[Start of section]

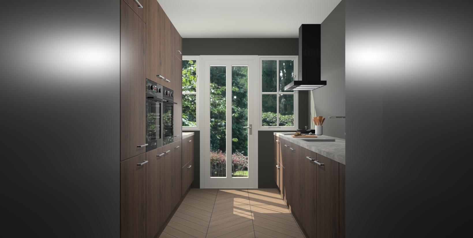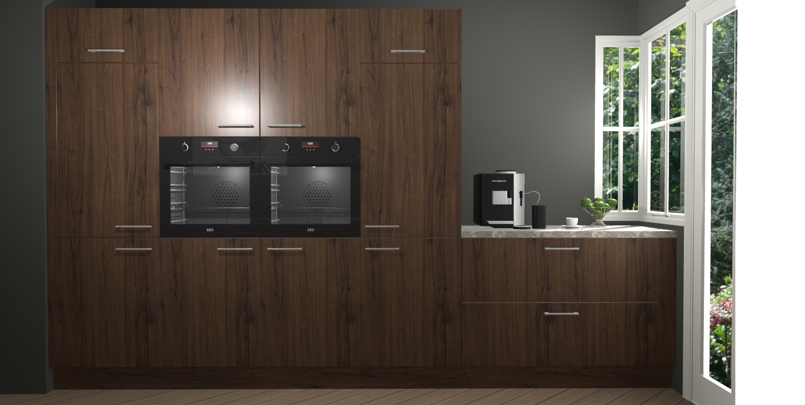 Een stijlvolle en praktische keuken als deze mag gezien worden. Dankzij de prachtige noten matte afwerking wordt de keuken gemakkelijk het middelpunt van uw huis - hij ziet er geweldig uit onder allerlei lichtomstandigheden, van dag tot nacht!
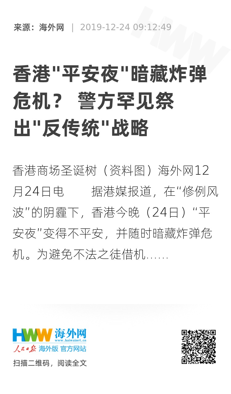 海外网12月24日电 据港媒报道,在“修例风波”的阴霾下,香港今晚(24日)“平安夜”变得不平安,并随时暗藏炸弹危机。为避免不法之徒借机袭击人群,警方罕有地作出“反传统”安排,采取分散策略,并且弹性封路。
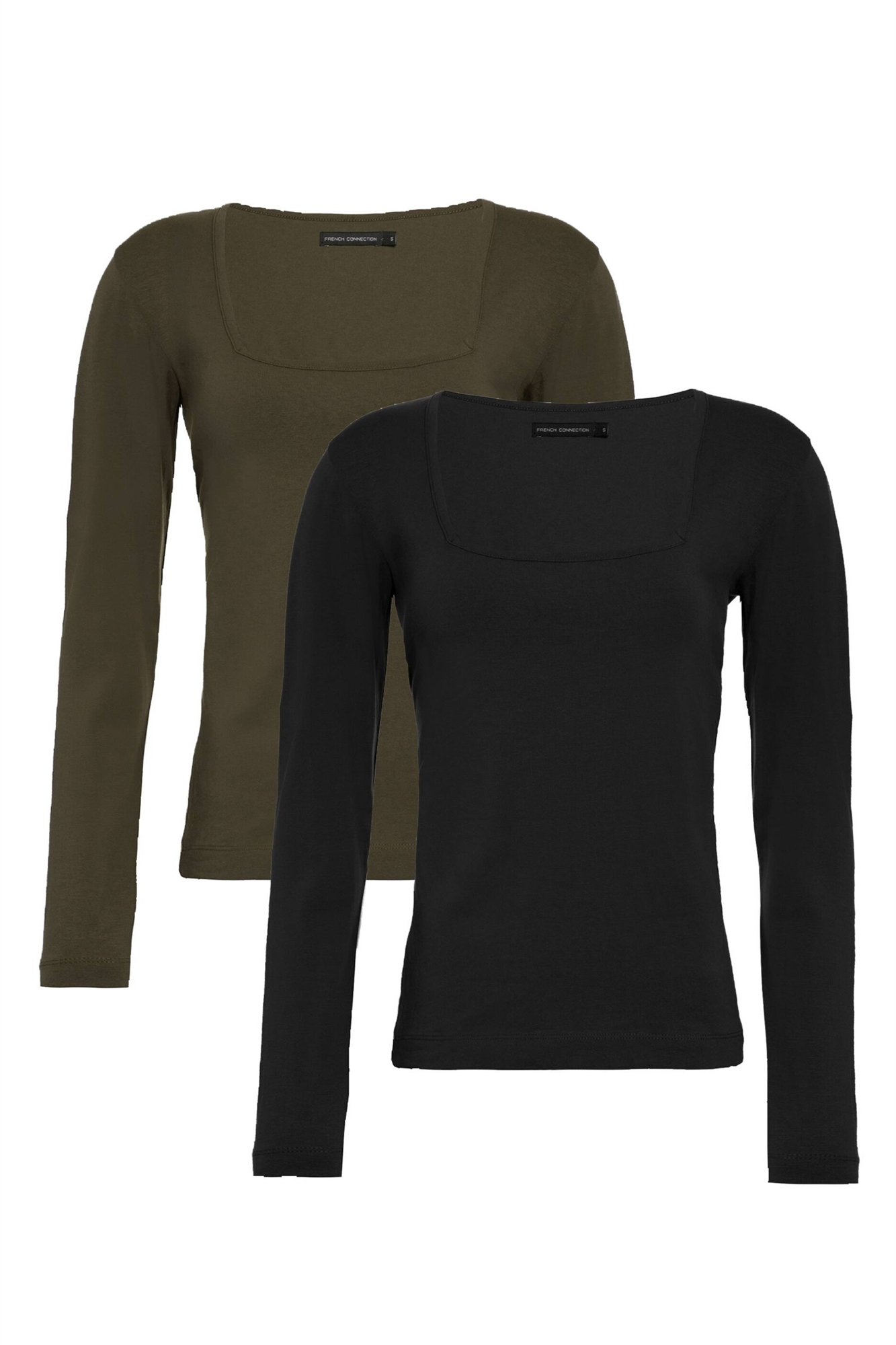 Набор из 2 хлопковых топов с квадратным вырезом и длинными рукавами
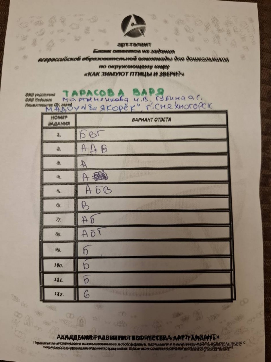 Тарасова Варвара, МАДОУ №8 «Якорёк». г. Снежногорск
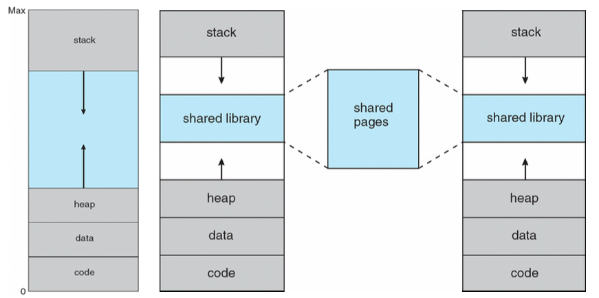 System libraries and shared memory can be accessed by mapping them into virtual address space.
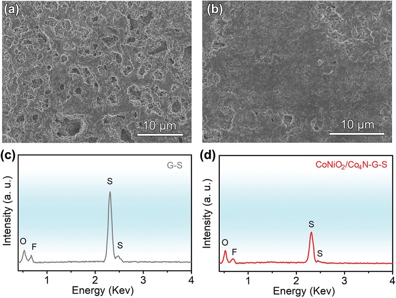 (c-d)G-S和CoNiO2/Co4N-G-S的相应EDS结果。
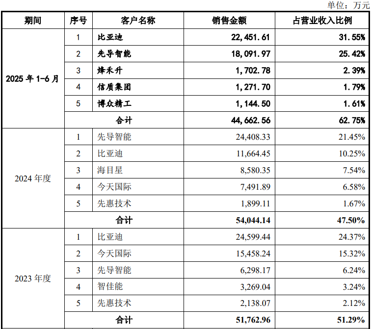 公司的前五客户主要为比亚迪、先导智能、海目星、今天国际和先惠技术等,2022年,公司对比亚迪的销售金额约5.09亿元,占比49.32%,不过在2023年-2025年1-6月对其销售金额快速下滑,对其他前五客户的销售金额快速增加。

[End of section]

- **To do**: Set down, exactly as written, each line from the one that contains "Тарасова Варвара, МАДОУ" to the last line of the records, but none of the pictures.

- **Your response**:
 Тарасова Варвара, МАДОУ №8 «Якорёк». г. Снежногорск
 System libraries and shared memory can be accessed by mapping them into virtual address space.
 (c-d)G-S和CoNiO2/Co4N-G-S的相应EDS结果。
 公司的前五客户主要为比亚迪、先导智能、海目星、今天国际和先惠技术等,2022年,公司对比亚迪的销售金额约5.09亿元,占比49.32%,不过在2023年-2025年1-6月对其销售金额快速下滑,对其他前五客户的销售金额快速增加。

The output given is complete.